The upcoming Union Budget is expected to increase by 10% to 12%, and fiscal consolidation will be difficult.
Following an examination of the major economic events of the previous year, here is a summary of the upcoming Budget outlook:
Budget for Expenditures
The revised estimates for FY23 expenditure will reflect the pressure of higher subsidies, but the FY24 budget is expected to be cleaner.
Even so, we can expect the FY24 budget to increase by 10% to 12% over FY23, to around Rs 43 lakh crore-plus, but not exceeding Rs 45 lakh crore. Higher interest payments on government borrowings and increased capital spending are likely to remain the two single-largest spend items in the new budget.
The fiscal deficit:
The fiscal deficit is expected to stay within the 6.4 percent Budget target for this fiscal year. Depending on how quickly and how much the government wants to consolidate, the government could allow the deficit to fall below 6% after a three-year gap, to 5.8-5.9 percent levels in FY24.
However, meeting the fiscal glide path of less than 4.5 percent by FY26 may still be difficult.
Capital expenditures by the government
Both at the state and federal levels, there will be a continued emphasis on infrastructure development and capital expenditure, and the government is expected to increase these expenditures in the upcoming Budget. In the new Budget, a new capex target of Rs 8-9 lakh crore could be set.
Disinvestment has been gradual. In comparison to the Rs 65,000 crore divestment target, receipts are expected to be less than Rs 50,000 crore, including the Rs 20,000 crore received by the government since the LIC listing.
With the IDBI Bank and Shipping Corp transactions likely to close, the FY24 divestment target could be raised to between Rs 75,000 and Rs 80,000 crore.

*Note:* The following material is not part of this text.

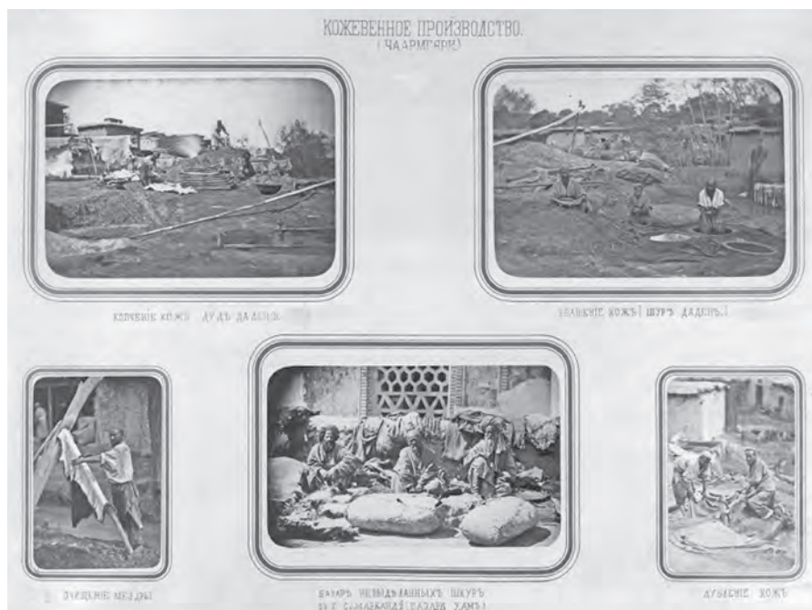
Один из листов «Туркестанского альбома»

The allocation under the Mahatma Gandhi National Rural Employment Guarantee Act of 2005 (MNREGA) is based on demand. While the MNREGA allocation has remained constant year on year, an additional Rs 16,000 crore has been provided during the fiscal year. This is in contrast to the Rs 20,000 crore requested by the rural development ministry. Because the scheme is demand-driven, a significant increase in the FY24 budget is unlikely.
By plugging the Pradhan Mantri Garib Kalyan Anna Yojana, the Centre has also cleaned up the food subsidy (PMGKAY). Food subsidies may be restored to Rs 2 lakh crore levels in the FY24 Budget.
The government will spend only Rs 14,000 crore more on the free food grains programme, which is already included in the Rs 2 lakh crore budget.
Fertilizer subsidies are also likely to be reduced as global gas and fertiliser prices fall. The FY24 Budget may provide Rs 1.20 lakh crore to Rs 1.30 lakh crore for the same, a significant reduction from the Rs 2.15 lakh crore likely revised estimates for FY23.
Petroleum subsidies have more than quadrupled this fiscal year due to payments to OMCs for LPG losses. While the government has made up for the LPG losses, the OMCs are still expecting additional cash compensation for the petrol and diesel losses. Petroleum subsidies could be a point to watch in the upcoming Budget, though according to the results announced on January 30, BPCL made a profit during the October-December quarter after losing the previous quarter.